Desde la llegada de los españoles al Nuevo Mundo comenzaron a inculcar “sus” tradiciones cívicas, religiosas, políticas, festivas, mundanas y paganas, así como a intentar desaparecer, en la medida de lo posible lo que recordara a las anteriores formas de vida social, que sin duda se aportó, pero también se abusó, así lo señala la historia, o por lo menos algunas de las historias plasmadas en diversos estudios.
De acuerdo a la página web creada por el Gobierno Federal para la conmemoración de estos temas, bicentenario.com.mx, en su página 814 se dan la oportunidad de hablar sobre algunas de las actividades festivas que se comenzaron a realizar con la conquista, se habla de las fiestas cívicas obligatorias, que eran aquellas que tenía relación con la vida de la familia real de España: jura de nuevos monarcas, bautizos, cumpleaños, nacimientos, santos y bodas.

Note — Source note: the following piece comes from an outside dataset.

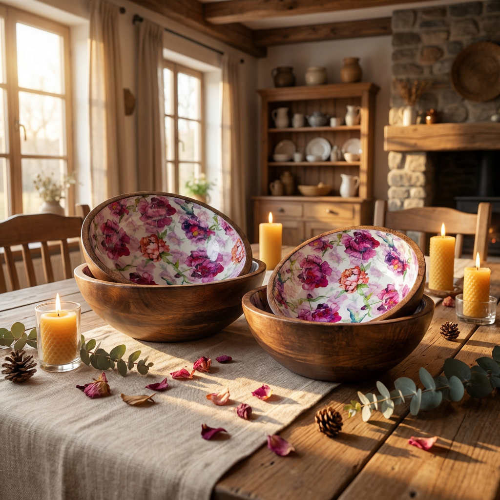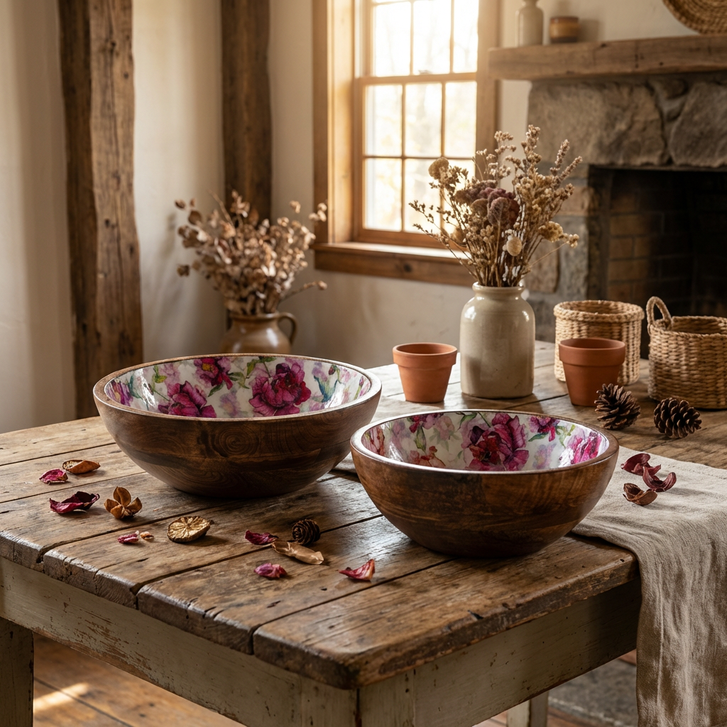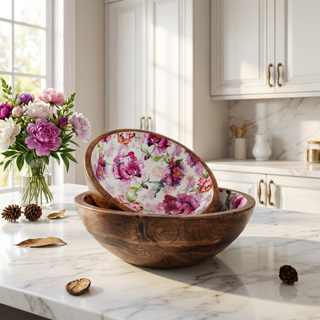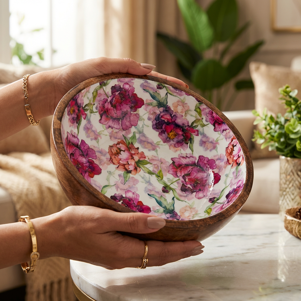 Salads, fruits, nuts and even popcorn or wafers look amazing in these show-stopping wooden bowls. Showcasing the beautiful grain of natural mango wood, each organically shaped bowl is given a contemporary print for a modern twist. The bowl will highlight your table setting and dazzle your guests.

Luego nos relatan de aquellas que daban cuenta de las relaciones políticas de la monarquía con otras naciones: conmemoración de las victorias conseguidas por las armas reales y la celebración de alianzas. También hacen mención de las protocolarias como la llegada de un nuevo virrey, así como su cumpleaños o santo. Y quizás la más importante era la que conmemoraba la caída de Tenochtitlán en 1521: la fiesta de San Hipólito, conocida como el paseo del pendón, en donde nace la primera corrida o alanceamiento de toros bravos en la Nueva España, de lo cual abundaremos más adelante.
En cuanto a las festividades religiosas oficiales se detalla que la fiesta de la Candelaria, la Semana Santa, el día Corpus Christi, la Asunción de Nuestra Señora, la de Santa Rosa de Lima, la de Nuestra Señora de los Remedios, la de Nuestra Señora de Guadalupe y la de San Pedro y San Pablo eran las que no se podían dejar pasar por ningún motivo.

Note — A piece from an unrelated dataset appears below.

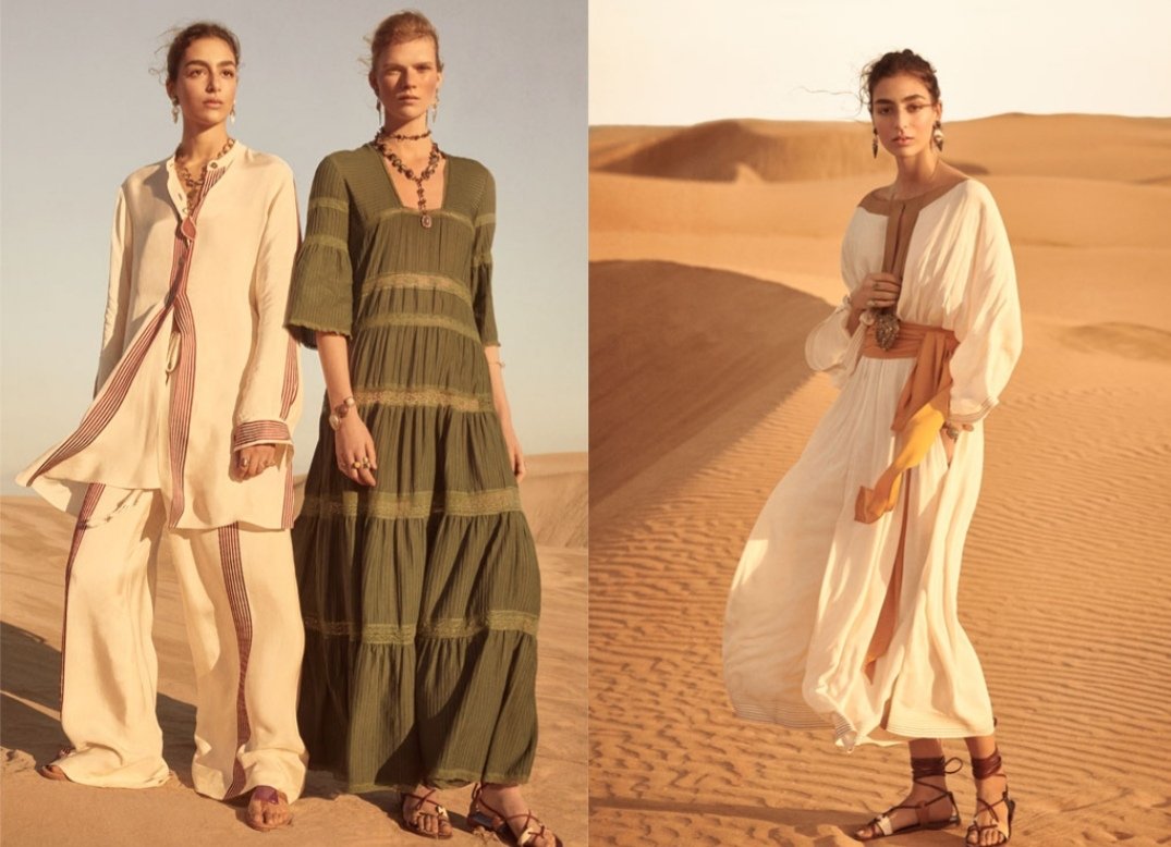 Un tuffo nella calda sabbia del deserto del Marocco: la nuova collezione si presenta con riferimenti chiaramente legati alla storia di questo incredibile paese. Abiti prevalentemente lunghi in tessuti corposi come il lino e il cotone, due pezzi formati da lunghe tuniche e pantaloni. I colori sono quelli classici del Marocco, dalle terre rosse ai bianchi e i marroni, le stampe geometriche e decorazioni con pietre che terminano su lunghi nastrini. Gli accessori non mancano d’essere ancora una volta incredibilmente originali: lunghe catene, maglie, anelli, collane, orecchini e bracciali in ottone impreziositi da pietre vere colorate grezze o lucide sono complemento perfetto per questi abiti.

De los siglos XVI al XIX, mientras estuvo la dominación e la corona española hubo dos espectáculos que estuvieron presentes en todas las actividades festivas de los habitantes, nos referimos a los toros y al teatro.
No había celebración en la cual no se llevaran a cabo corridas de toros; era común que los cosos se levantaran y desmontaran tantas veces fuera necesario, y no fue sino hasta 1815 cuando se construyó una plaza permanente, la de San Pablo. Pero también existieron otras actividades de gran relevancia y agrado de los novohispanos, tal es el caso del juego de la pelota vasca, cuya cancha principal era la de San Camilo y en los encuentros se podía apostar, asimismo los gallos tenían su buena afición.

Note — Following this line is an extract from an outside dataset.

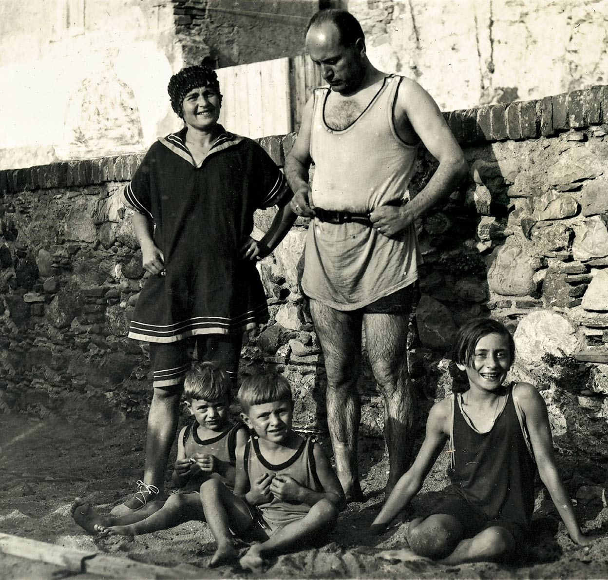 El 1923, un año después de tomar el poder, Mussolini se dejaba fotografiar de vacaciones con su esposa, Rachel, y sus hijos, Bruno, Vittorio y Edda, en Levanto (Liguria). Por primera vez, Il Duce se mostraba con un líder familiar. Como todos los dictadores, estaba obsesionado con controlar su imagen pública y censuró numerosas fotografías que lo mostraban con gestos inapropiados o situaciones poco favorecedoras. Ese control no ha impedido que con los años hayan aparecido nuevos documentos que ayudan a recomponer la historia.

En un artículo encontrado en fortunecity.es, el cual está titulado como “El Toro en el Mundo” se habla de que los bovinos fueron introducidos en América por los españoles, mas como fuente de abastecimiento que como instrumento como instrumento para el juego de la lidia. El ganado proliferó tato que muchas huyeron a la selva y se hicieron salvajes.
José de la Tixera dejó constancia de la crianza de ganado bravo en nuestro país, en 1802 este tratadista taurino escribió: “En los reinos de México, Lima y otros de la América española se crían toros de bastante alzada y bravos, aunque para las varas, banderillas y estoques, de muy inferior valentía que los nuestros de la Península”… “La principal causa física de semejante variedad consiste en la diferencia notable que hay entre aquellos y estos climas, y en lo menos sustancioso de los pastos de allí. Por consiguiente, no son los toros americanos tan ligeros resueltos y prontos”.